It was around 12 degrees (lower with windchill) when I went out to check the sheep on pasture today, so cold the truck wouldn’t start and the tractor barely started. When I got there nothing seemed out of the ordinary – the ewes came up for their grain and I began to put it out for them, then I heard a ewe down at the bottom of the hill and I looked up and there was Artemis with a new lamb! We were NOT expecting lambs for another couple months, so this was very out of the ordinary. The new lamb was still damp (and her coat was frozen in places) when I got there, but was running around and had obviously eaten. I looked everywhere to make sure there was not another lambsicle frozen to the ground, with this weather it is to be expected. But I only found the one big healthy baby 🙂
She has a very fuzzy face (its cold out!)
The new lamb is a little ewe, her sire is Chase. She has a very primitive hair “halo” which keeps her warm and safe from the weather, but underneath she has supersoft fleecy curls.

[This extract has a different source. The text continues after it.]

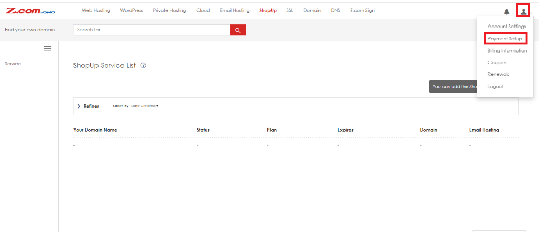 Step (2). After successfully logging into your Z.com account, please click on the person icon on the top right-hand side and select “Payment Setup”.
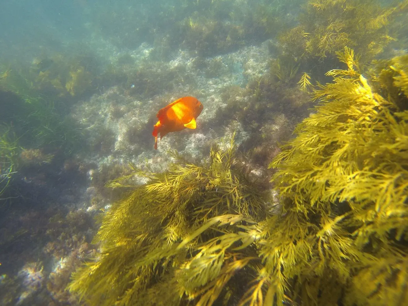 From your kayak, orange garibaldi fish (California’s state fish) are very easy to spot, as are some smaller fish swimming near the surface.

I am very proud to have such hardy girls that they can get away with lambing on pasture with no shelter in the middle of January and still have healthy lambs. Artemis had lambed at the bottom of a hill, where the wind wasn’t so intense. She evidently got the lamb cleaned up and mostly dry before it froze, and she had most of the placenta eaten before I got there. What wasn’t eaten was frozen to the ground – it was so cold it didn’t take long for that to happen. Artemis preformed like a feral ewe would – the placenta eaten to keep predators away and the lamb dry, up and fed despite sub zero temperatures – just how I like my Jacobs 🙂
She is the poster child for Jacob hardiness 🙂 Her coat is covered in icicles, but she is nice and warm anyway.
Artemis had to walk all the way home next to the tractor because it was too cold for the truck to start. She followed her lamb for over a mile down the road. She is such a good momma!